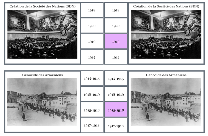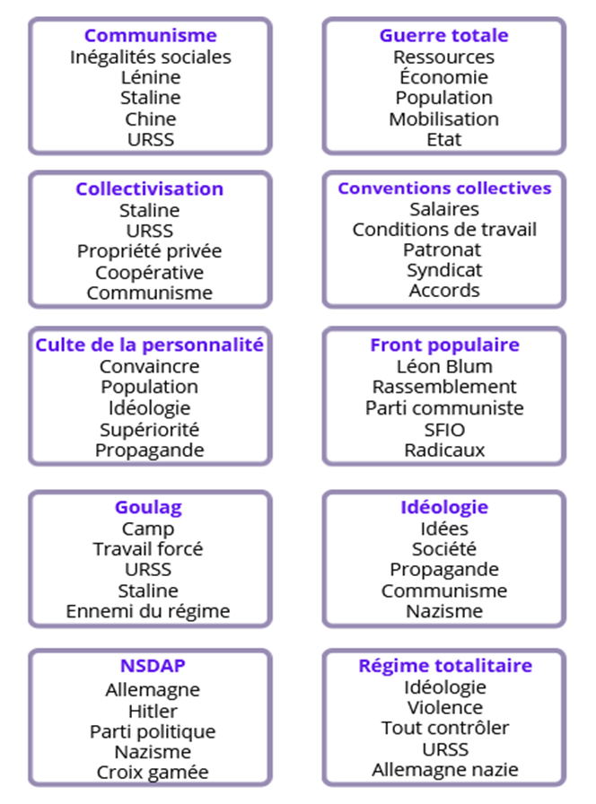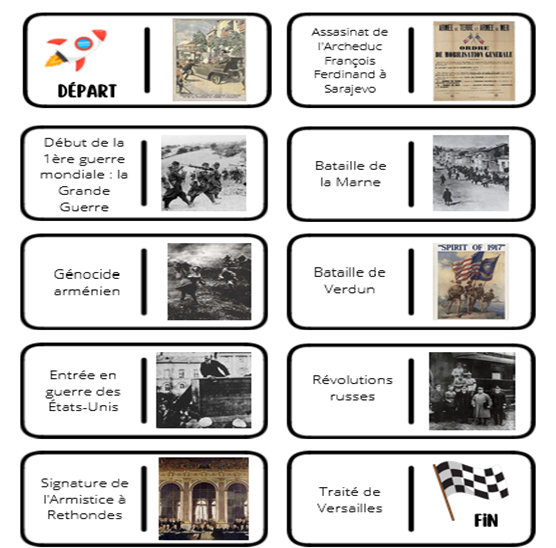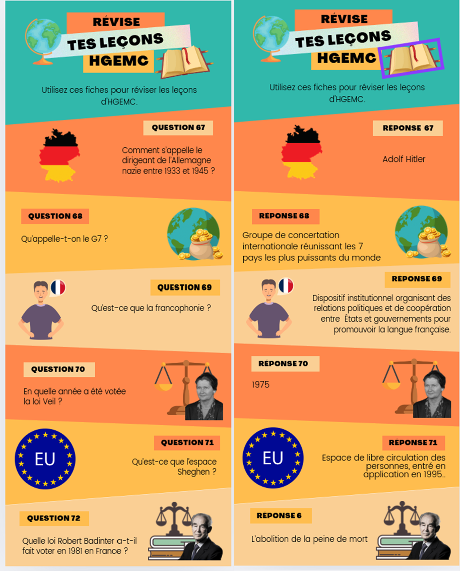 Un élève doit raconter à voix haute pendant 1 à 2 minute le récit proposé par la carte. Les autres élèves écoutent et réagissent : ils peuvent poser une question pour vérifier la cohérence, compléter l’histoire avec un détail historique, géographique ou civique. Le professeur et/ou la classe valorise la justesse des informations, la clarté du récit et l’utilisation du vocabulaire disciplinaire.
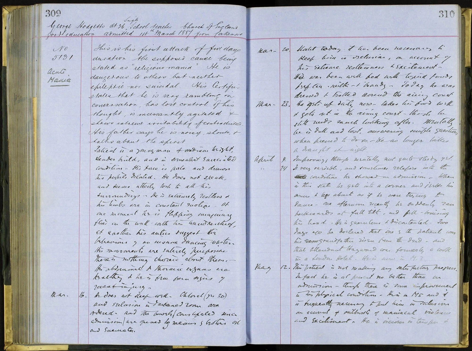 It was on 14 March1887 that George was admitted to the asylum with acute mania. His patient record describes him as…
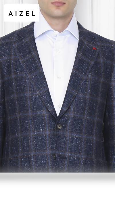 Сине-коричневый пиджак из шерсти с узором клетка продается в интернет-магазине AizelЭксперт: Роман Петров, консультант по маркетплейсамДата рецензии: 25 октября 2025 годаРекомендация к покупке нейтральная
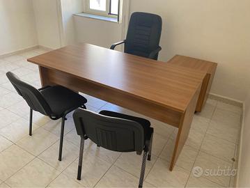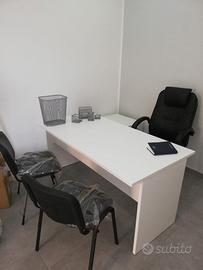Ufficio completo, composto da scrivania fianco legno,poltrona operativa in ecopelle su ruote,2 sedie fisse con struttura in ferro e rivestite in ecopelle o tessuto, e cassettiera tre cassetti con chiusura simultanea e su ruote. Disponibili vari colori. Spedisco in tutt'italia. Per maggiore informazioni sempre meglio chiamarmi o contattarmi tramite whatsapp 333 2204381.
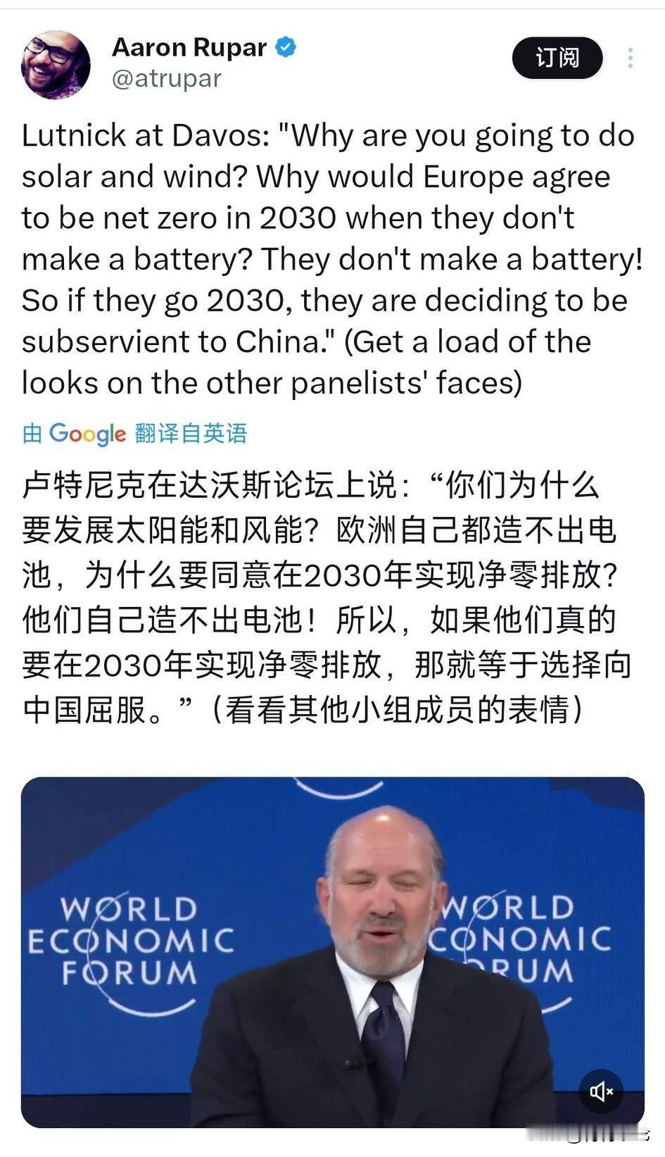 因擅自做主而被特朗普排除在谈判圈在的美国商务部长卢特尼克在达沃斯论坛上又大放厥词,他嘲笑了欧洲盟友的无能,还无中生有地提到了东大。卢特尼克的这番发言受到了同台嘉宾的“吃惊”式回应,同台嘉宾心里肯定在想,“神经病”!不过,卢特尼克这次应该不会受到特朗普的批评,因为特朗普现在也把枪口对准了欧洲,欧洲领导人们毫无原则地屈从特朗普却换来了特朗普及其团队的嘲讽,欧洲真是可悲!
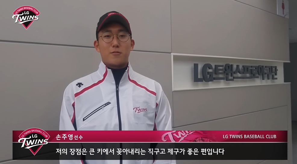 2017 시즌 LG트윈스의 신인투수 소개영상에 나온 손주영 선수 (화면 출처: 유튜브 LGTWINSTV)
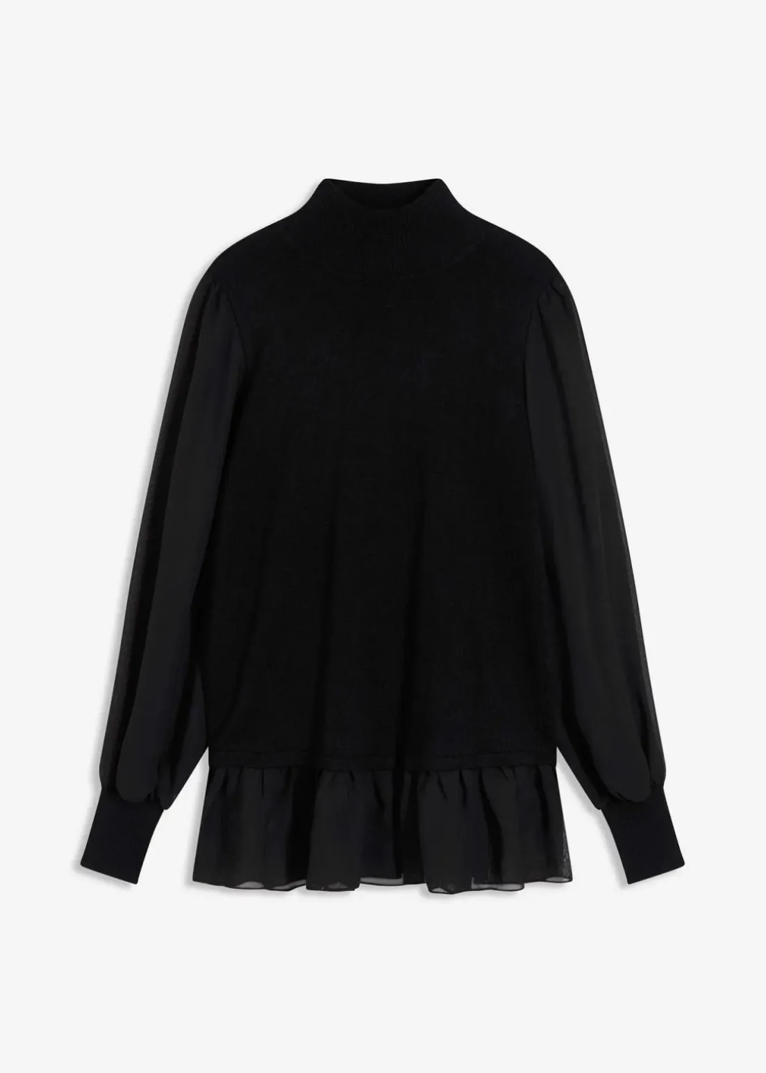 modischer Feinstrickpullover mit Chiffonärmeln und Chiffon-Einsatz am Saum
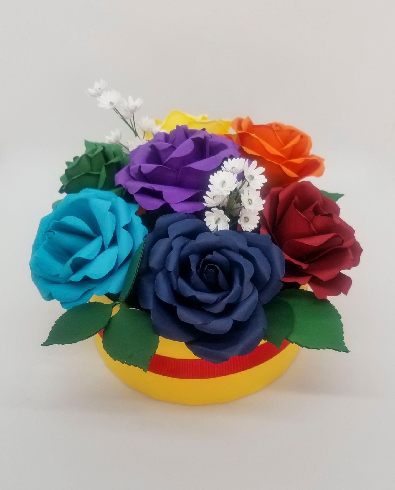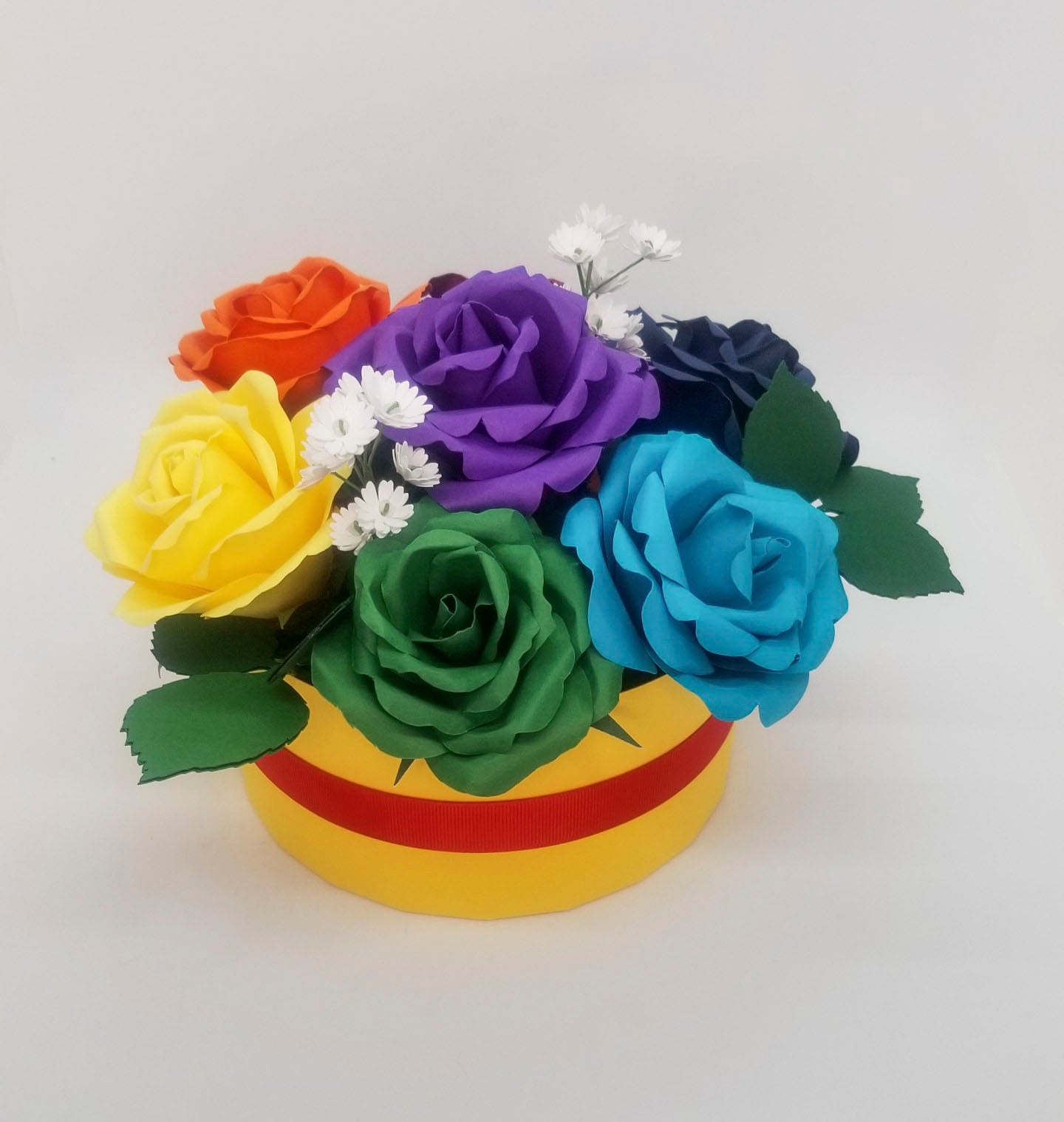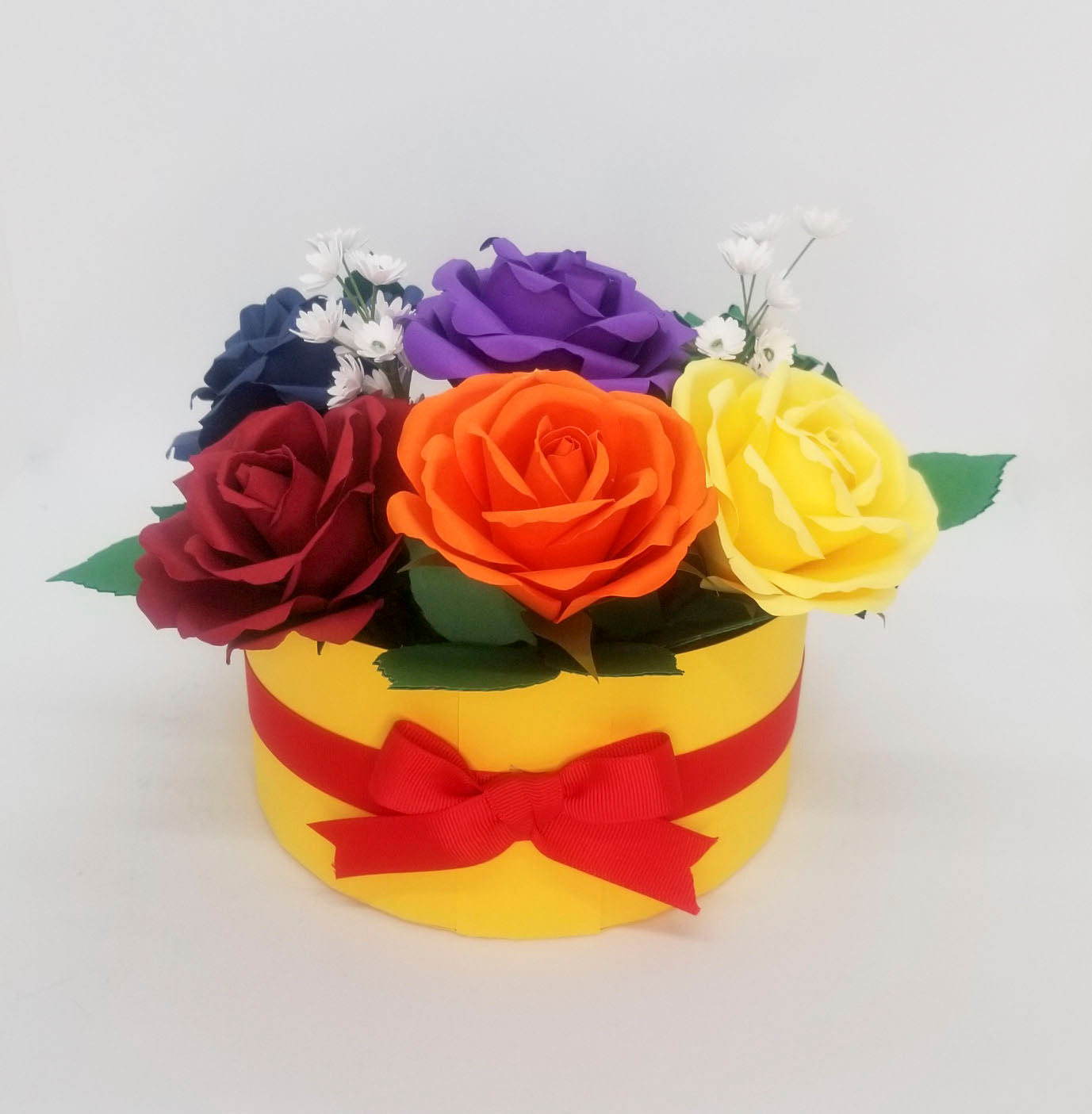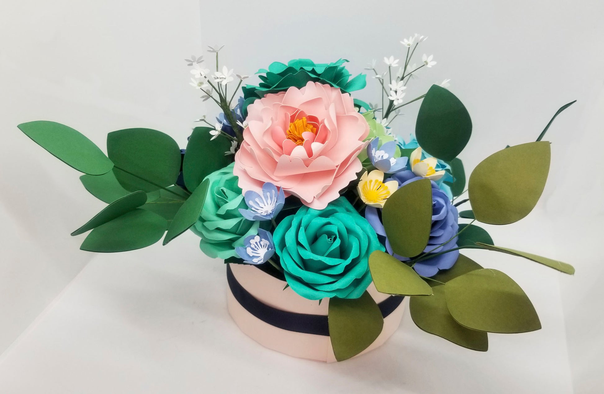 A small & beautiful paper flower arrangement in a handmade box style. It is a perfect any occasions, decorations, centrepieces, a gift to love ones or just for the home. If you want to customize the colors of the flowers, This is the right site that you entered :) It has 5 big paper roses, 1 peony, baby breath with eucalyptus leaves.
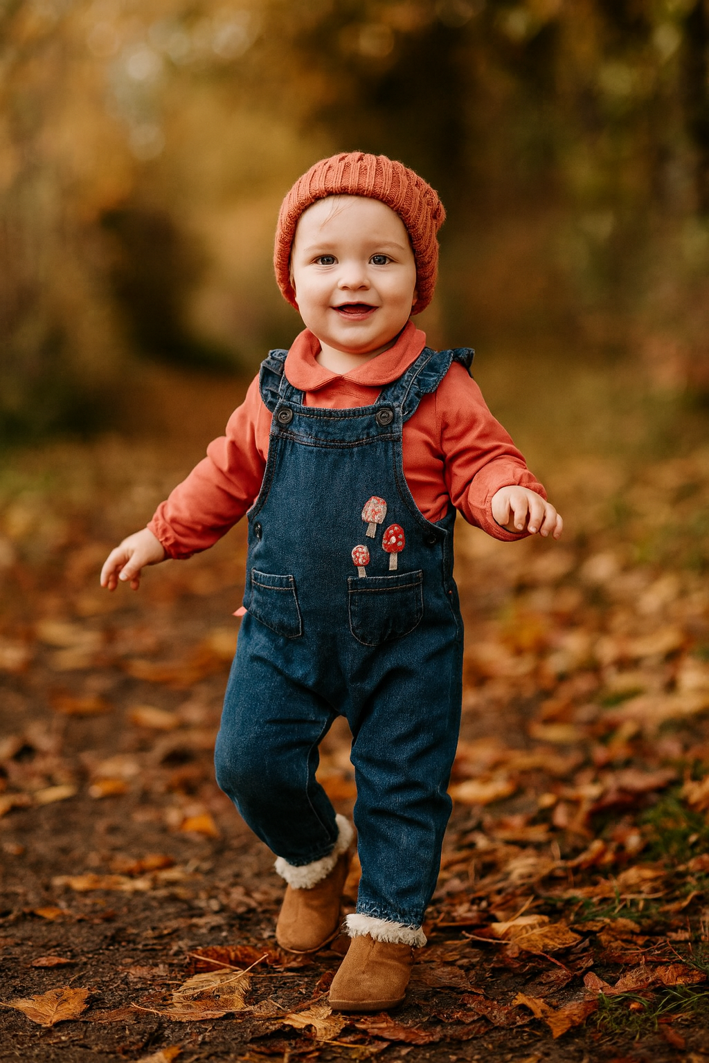 Delizioso completo composto da una salopette in denim blu con taschine frontali e ricamo di funghetti colorati, abbinata a una maglia a maniche lunghe rosa corallo con colletto arrotondato. Un outfit pratico e stiloso, perfetto per la quotidianità e per le prime uscite autunnali.
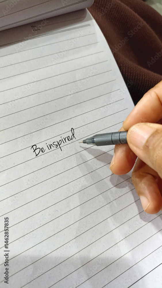 Be inspired. Text messages on a paper with person holding a pen. Encouragement concept. Business motivation quotes. Positive words.
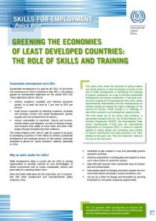 This policy brief draws the attention of policy-makers and social partners in least developed countries to the role of skills development in facilitating the building of greener economies, as a way to achieve sustainable development and poverty eradication. It has been written at the request of ILO constituents from LDCs, where environmental deterioration and the consequences of climate change are among the major challenges of the twenty-first century. While change is a challenge, it also offers economic and employment opportunities. The brief arises out of the Green Jobs Initiative, a partnership between the ILO, the United Nations Environment Programme (UNEP), the International Trade Union Confederation (ITUC) and the International Organization of Employers (IOE). It draws on research applied in policy design and numerous case studies of country experiences and good practices.
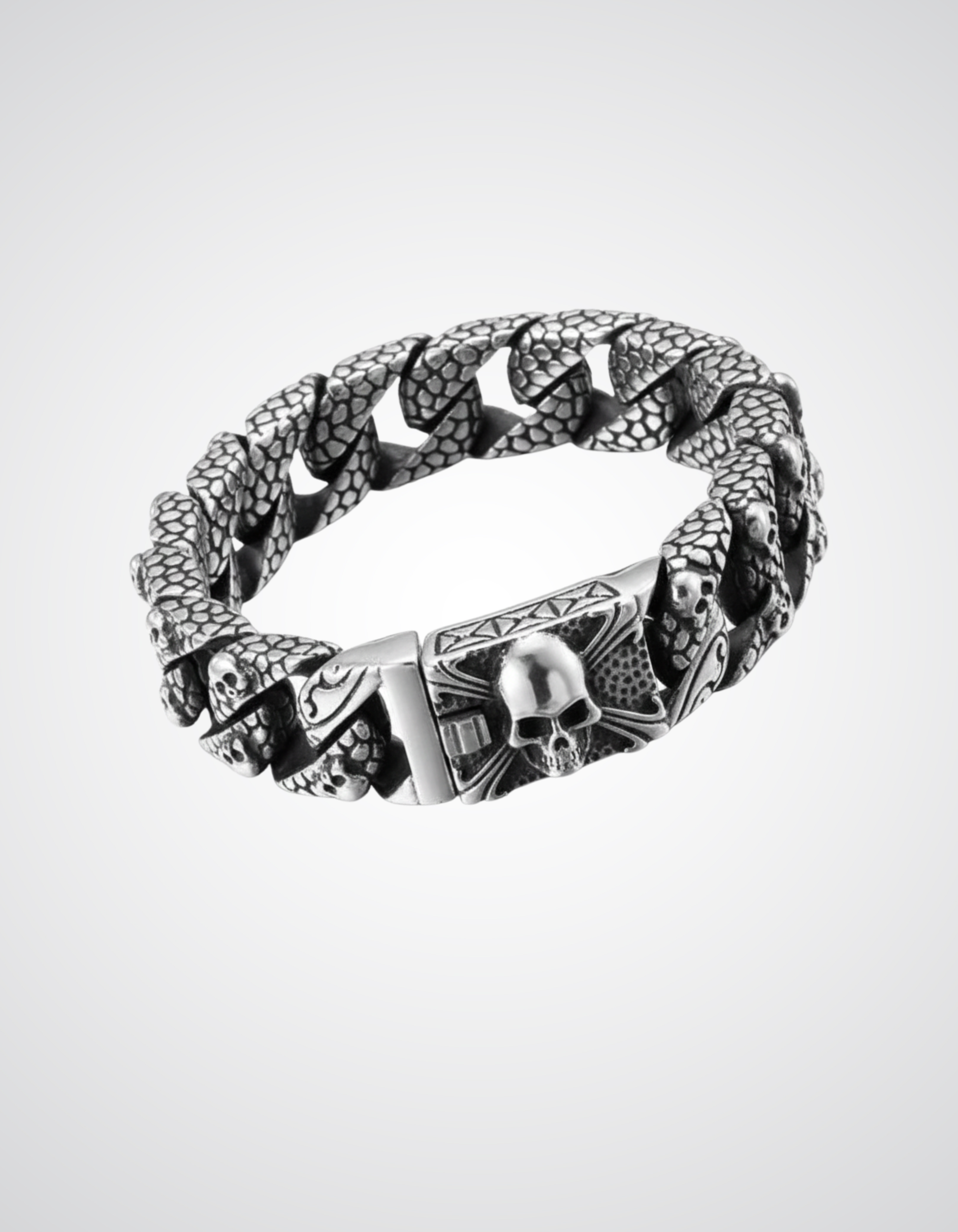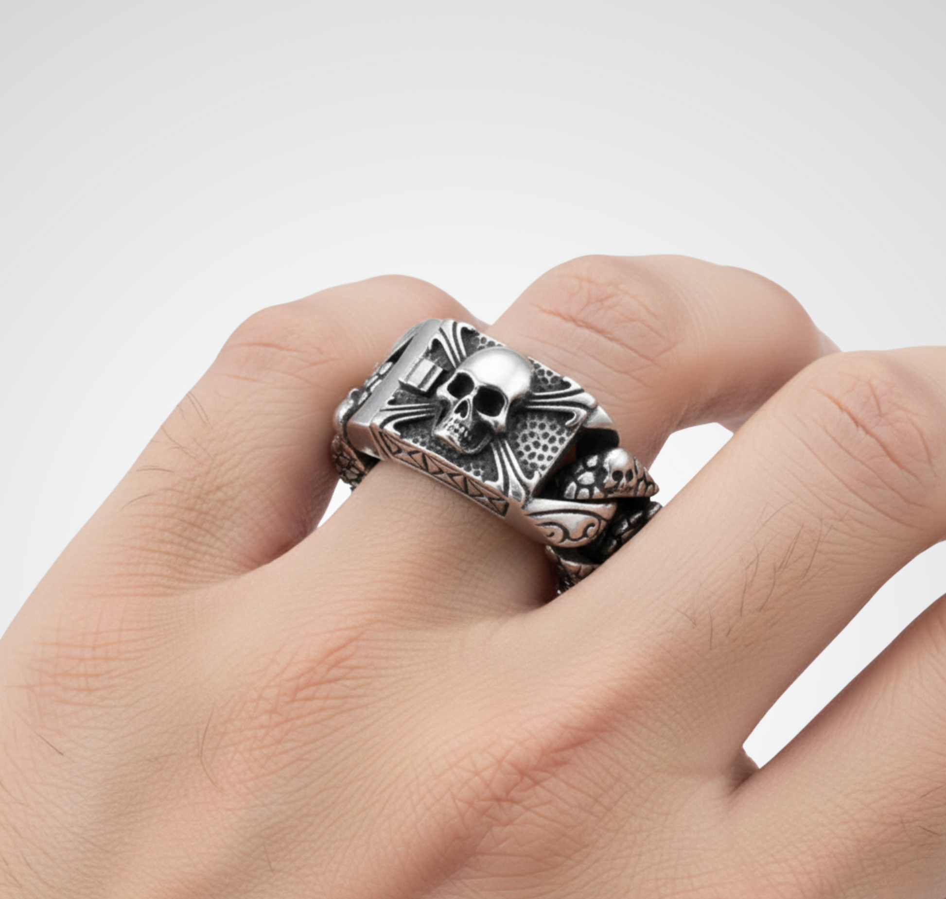 Ten pierścień to idealne dopełnienie Twojego looku na każdym festiwalu heavy metal. Doskonale komponuje się z nabijanymi ćwiekami skórzanymi kurtkami, pieszczochami oraz pasami z łańcuchami. Wyrazista czaszka przyciąga wzrok i podkreśla Twoją przynależność do świata ciężkich brzmień.

**Directions for this task:**
Excerpt from the records above: set down only the lines from the one that contains "Delizioso completo composto" through the one that contains "Be inspired. Text", inclusive, word for word. Pictures stay out.

**Output of the exercise:**
 Delizioso completo composto da una salopette in denim blu con taschine frontali e ricamo di funghetti colorati, abbinata a una maglia a maniche lunghe rosa corallo con colletto arrotondato. Un outfit pratico e stiloso, perfetto per la quotidianità e per le prime uscite autunnali.
 Be inspired. Text messages on a paper with person holding a pen. Encouragement concept. Business motivation quotes. Positive words.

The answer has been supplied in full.